RECORDED DATA:

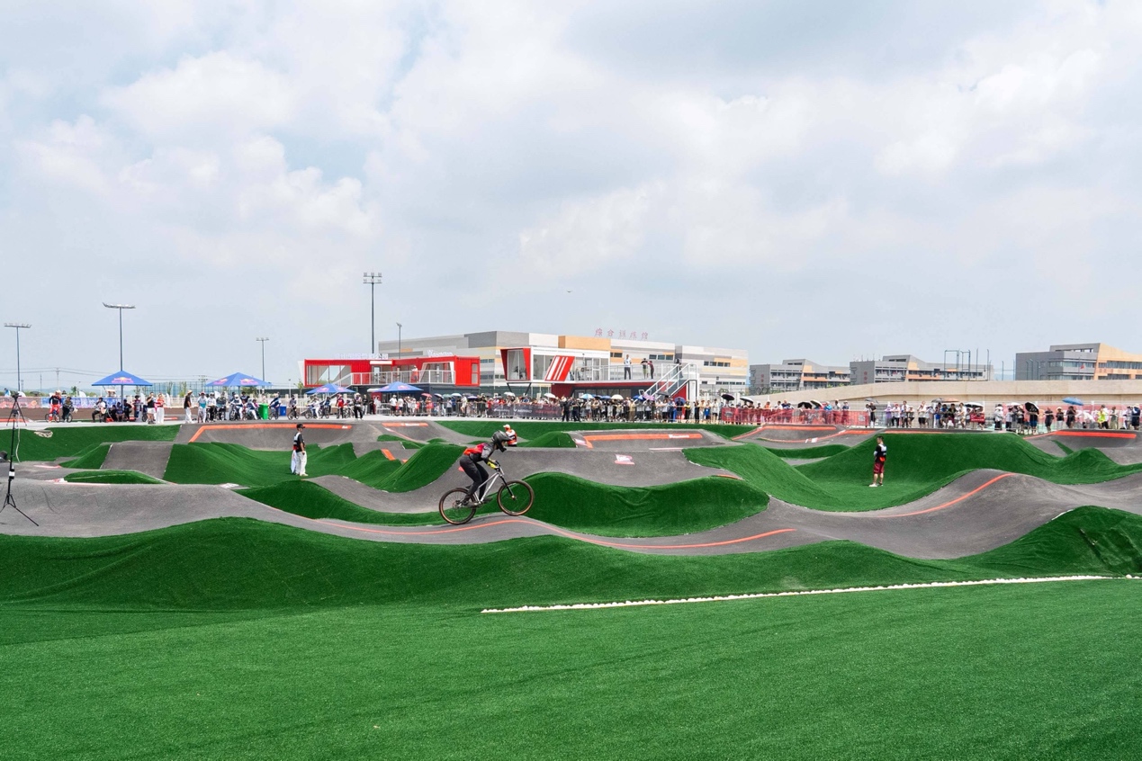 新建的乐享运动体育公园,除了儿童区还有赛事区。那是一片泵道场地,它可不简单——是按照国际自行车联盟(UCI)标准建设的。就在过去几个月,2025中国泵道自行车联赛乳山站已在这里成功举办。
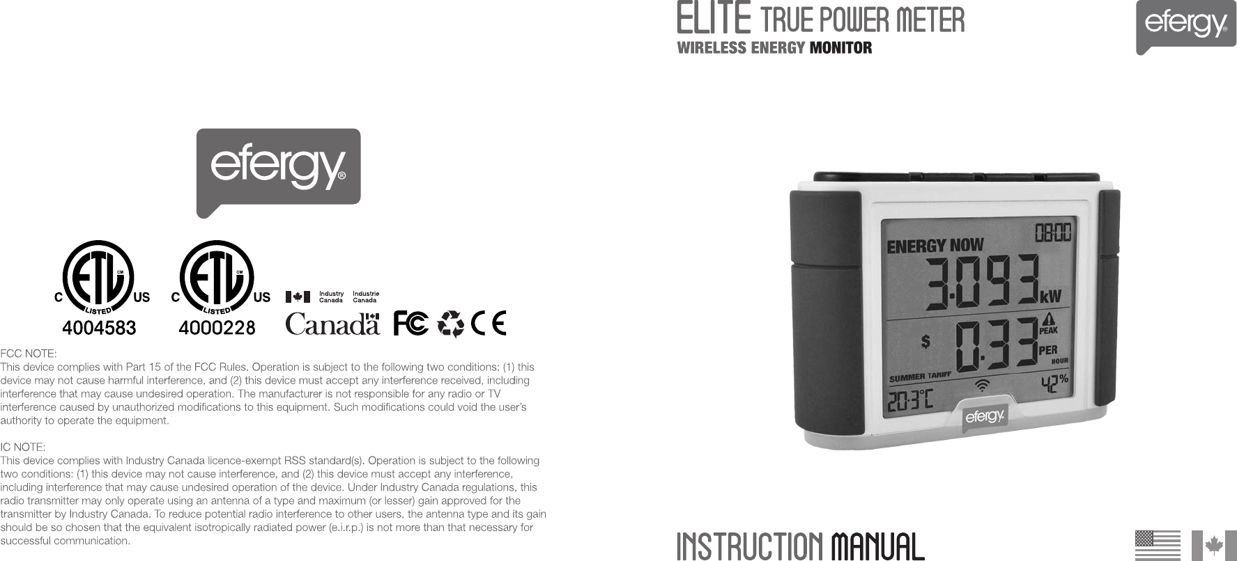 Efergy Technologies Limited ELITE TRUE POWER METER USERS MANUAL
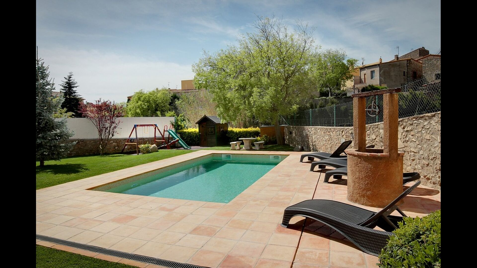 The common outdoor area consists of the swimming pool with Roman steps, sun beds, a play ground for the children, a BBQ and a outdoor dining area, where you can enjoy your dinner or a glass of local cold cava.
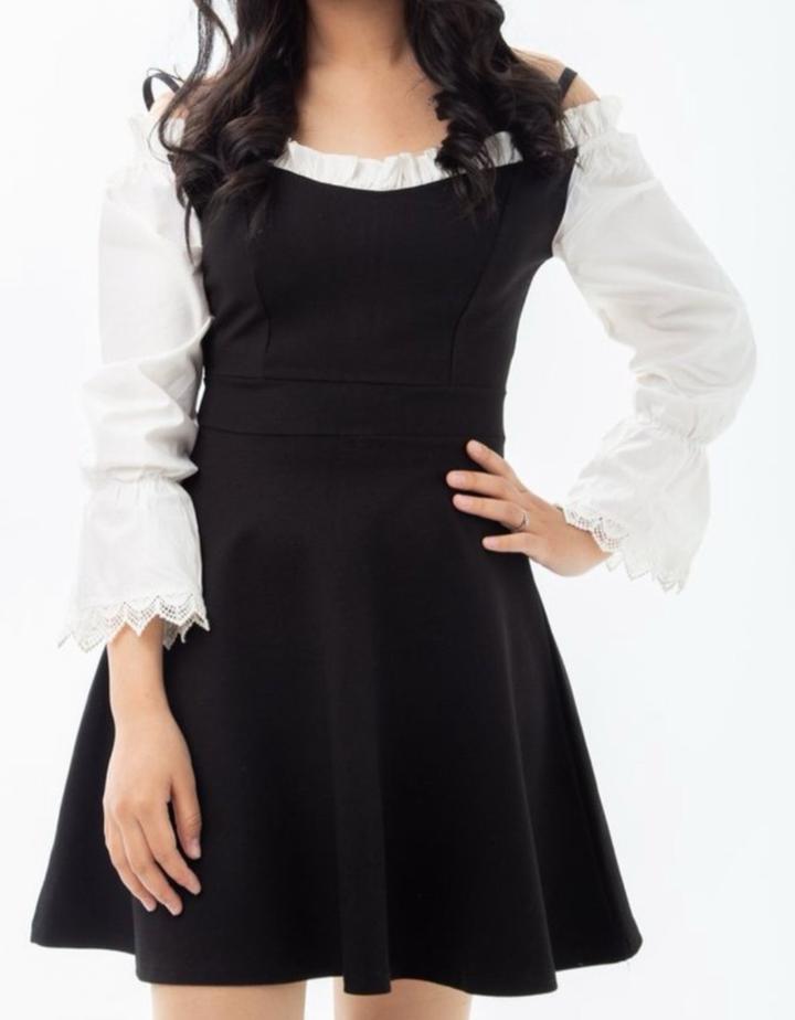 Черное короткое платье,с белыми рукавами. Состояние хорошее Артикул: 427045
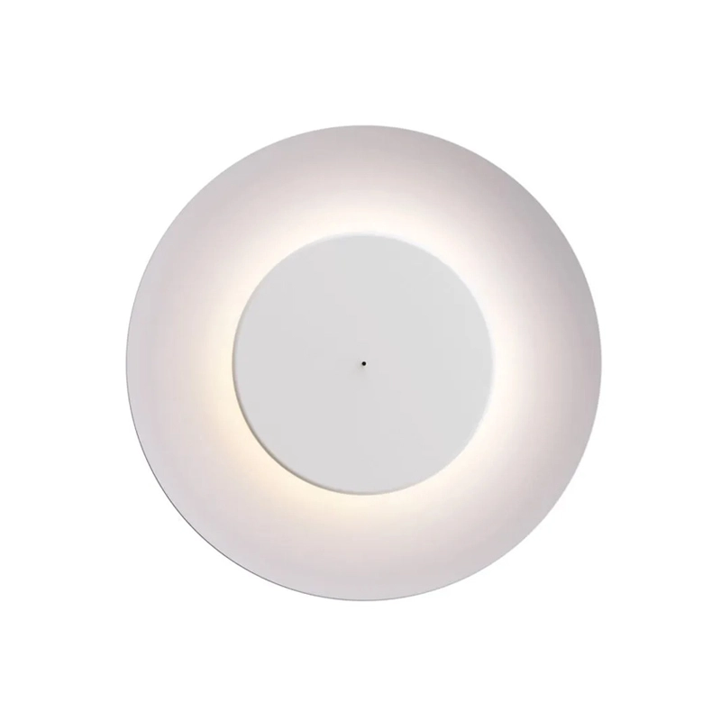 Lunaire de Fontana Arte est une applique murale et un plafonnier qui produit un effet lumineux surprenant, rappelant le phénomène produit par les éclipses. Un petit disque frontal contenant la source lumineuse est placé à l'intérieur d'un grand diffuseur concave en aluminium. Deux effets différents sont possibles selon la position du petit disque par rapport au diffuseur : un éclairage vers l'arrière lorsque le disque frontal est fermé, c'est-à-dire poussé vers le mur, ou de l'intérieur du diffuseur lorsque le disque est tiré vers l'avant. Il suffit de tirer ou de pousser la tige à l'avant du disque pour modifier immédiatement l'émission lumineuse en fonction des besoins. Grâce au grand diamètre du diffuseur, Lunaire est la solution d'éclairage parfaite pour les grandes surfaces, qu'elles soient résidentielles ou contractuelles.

AIM OF THE EXERCISE: I would like the material repeated in full and exactly, with its images omitted.

EXERCISE OUTPUT:
 新建的乐享运动体育公园,除了儿童区还有赛事区。那是一片泵道场地,它可不简单——是按照国际自行车联盟(UCI)标准建设的。就在过去几个月,2025中国泵道自行车联赛乳山站已在这里成功举办。
 Efergy Technologies Limited ELITE TRUE POWER METER USERS MANUAL
 The common outdoor area consists of the swimming pool with Roman steps, sun beds, a play ground for the children, a BBQ and a outdoor dining area, where you can enjoy your dinner or a glass of local cold cava.
 Черное короткое платье,с белыми рукавами. Состояние хорошее Артикул: 427045
 Lunaire de Fontana Arte est une applique murale et un plafonnier qui produit un effet lumineux surprenant, rappelant le phénomène produit par les éclipses. Un petit disque frontal contenant la source lumineuse est placé à l'intérieur d'un grand diffuseur concave en aluminium. Deux effets différents sont possibles selon la position du petit disque par rapport au diffuseur : un éclairage vers l'arrière lorsque le disque frontal est fermé, c'est-à-dire poussé vers le mur, ou de l'intérieur du diffuseur lorsque le disque est tiré vers l'avant. Il suffit de tirer ou de pousser la tige à l'avant du disque pour modifier immédiatement l'émission lumineuse en fonction des besoins. Grâce au grand diamètre du diffuseur, Lunaire est la solution d'éclairage parfaite pour les grandes surfaces, qu'elles soient résidentielles ou contractuelles.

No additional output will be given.